Outside the cafe I take a sip of the takeaway coffee I have bought along with my lunch, a bacon sandwich. The creamy taste from the paper cup suffuses throughout my consciousness along with that unmistakable coffee flavour - a unique combination of chemicals, of naturally-occurring elements, that can only be described with one word - which is one of many unique flavours that we are blessed to possess as a result of natural selection, plate tectonics, climate change, astronomic peculiarities in the solar system, and other actors that have effected the earth over the past 4.3 billion years. Humans are truly fortunate, I thought as I walked up the street in the sultry morning sunshine. The heat makes me sweat at this hour, not long after I have finished shredding papers for the day, just as it made me sweat as soon as I got out of bed this morning. But I am grateful for the luscious richness of this hot white coffee from the cafe where I buy my lunch every day.

This morning I went through a range of emotions as I was shredding. Mainly, I was shredding papers dating from 2011 and 2012, and so events of those years came back to me as I assessed the value of each piece of paper. Mum had organised a lot of her papers according to the month and year, and most of the papers were invoices with a payment receipt attached. There was the invoice, for example, for the psychologist I had suggested mum see after dad died. She had been having a lot of trouble getting out of bed in the morning. I used to come over in 2011 and try to wake her up but she would protest, saying "I'll get up in a minute". When we knew that she had no intention of getting up if she could help it. I would have to go down to her bedroom several times to rouse her from bed so that she could eat breakfast.

There was, yesterday, the purchase documents for her last apartment, dated August 2011. She had decided to move out of the 4th floor apartment she had shared with dad because a fireman had advised her to move. "We won't be able to carry you down those stairs," he had apparently said to her.

There was the receipt today for dad's funeral, which came to over $6000, from a local funeral parlour. I remember going to the funeral parlour with mum after dad died, and I remember thinking that it must take a special kind of manner to do business in this industry, when nerves and emotions are still so raw. You would need to adapt your speech and body language to the psychological state of the recently bereaved.

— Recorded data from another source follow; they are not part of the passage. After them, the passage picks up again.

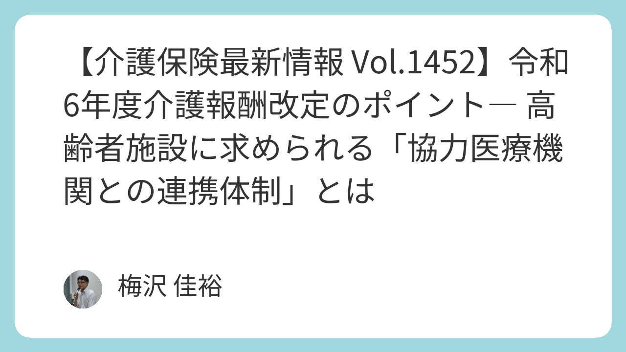 - 令和6年度介護報酬改定を踏まえた高齢者施設等と協力医療機関との連携状況について(介護保険最新情報 Vol.1452・厚生労働省PDF)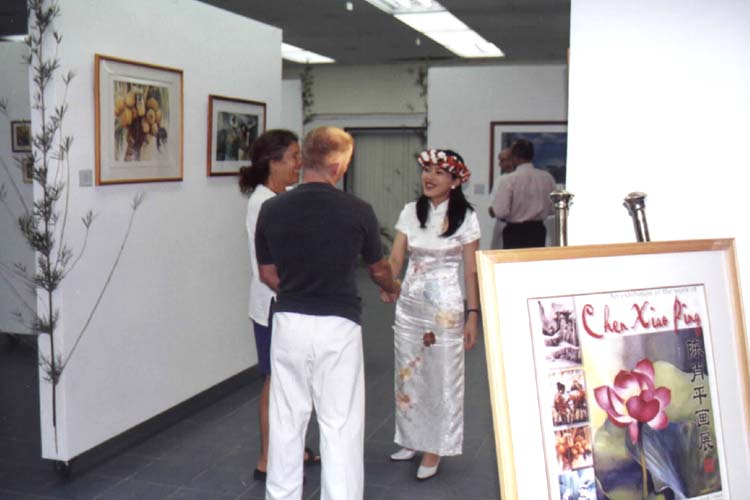 希望更多世人能感受到修炼法轮大法不但使人身心受益而且使艺术达到更高境界,并在欣赏宁静,祥和,美好的艺术作品的同时了解法轮大法及受迫害的真相。展览馆的进口处摆放着一些中英文的大法真资料,展厅里轻轻流淌着普度的音乐,仿佛带着你进入了另一个超凡脱俗的世界,仿佛呼唤着世人“切莫机缘再误”。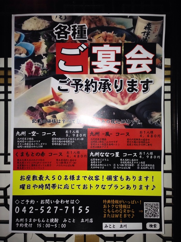 | 店名 | 九州うまかもんと焼酎 みこと 立川店 (キュウシュウウマカモントショウチュウミコトタチカワテン) |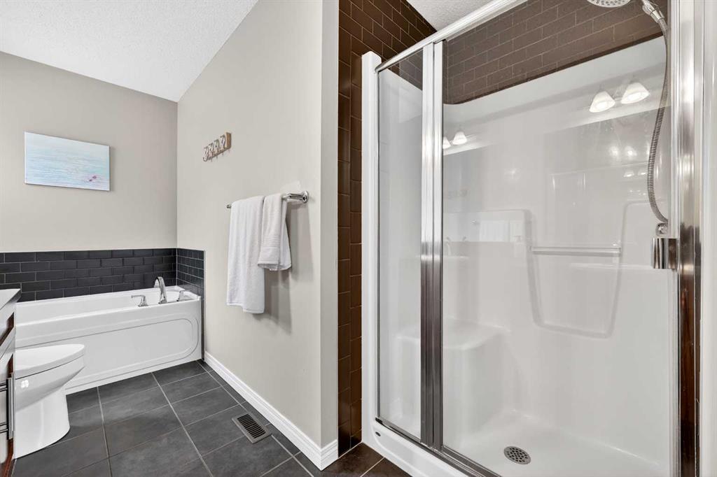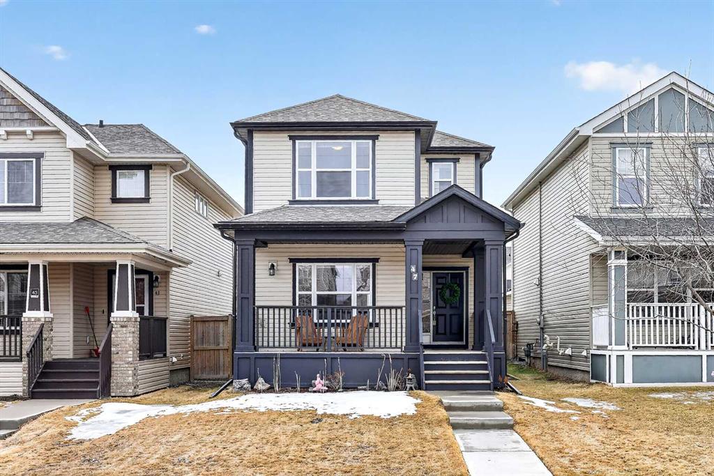 Welcome to exceptional value in Copperfield. This beautifully maintained single-family home offers outstanding curb appeal, highlighted by a charming covered front porch. Step inside to a bright, open-concept main floor filled with natural light and finished with gleaming hardwood throughout. The inviting living room features a cozy gas fireplace and flows seamlessly into the dining area and kitchen—perfect for both everyday living and entertaining. The kitchen overlooks the sunny, south-facing backyard, complete with a deck and hot tub, creating an ideal outdoor retreat. Stainless steel appliances and a spacious pantry add both style and functionality. The main floor also includes a dedicated office space—perfect for working from home—as well as a convenient two-piece powder room. Upstairs, the spacious primary suite comfortably accommodates a king-sized bed and features a walk-in closet and a well-appointed ensuite with dual vanities, a soaker tub, and a separate shower. Two additional bedrooms, a full bathroom, and the convenience of an upper-level laundry room complete the upper floor. The home also features central air conditioning. The unfinished basement offers excellent potential, with a rough-in for a future bathroom—ready for your personal touch. Ideally located just minutes from Deerfoot Trail and Stoney Trail, and close to shopping, dining, and amenities. A rear parking pad provides space for a future garage. Call your favourite realtor today to schedule a showing.

Today I also found letters I had sent to mum in the years after I started to come up to visit her and dad, around 2007. I would send her poems, essays, and pictures that I had taken when I was in my 20s, pictures taken 30 years ago, which I had scanned and pasted into documents on my computer, writing glosses in the blank space around them, that tried to contain them and the impulse that drove me, for example, to take photos of the support struts of Australia Square. Most of these items I shredded because the original files are still on my computer; over the years there have been many computers but the old files are always imported into the new machine after I install it at home.

I process the mnemonic markers of decades as I go through the act of disposing of or preserving these old records.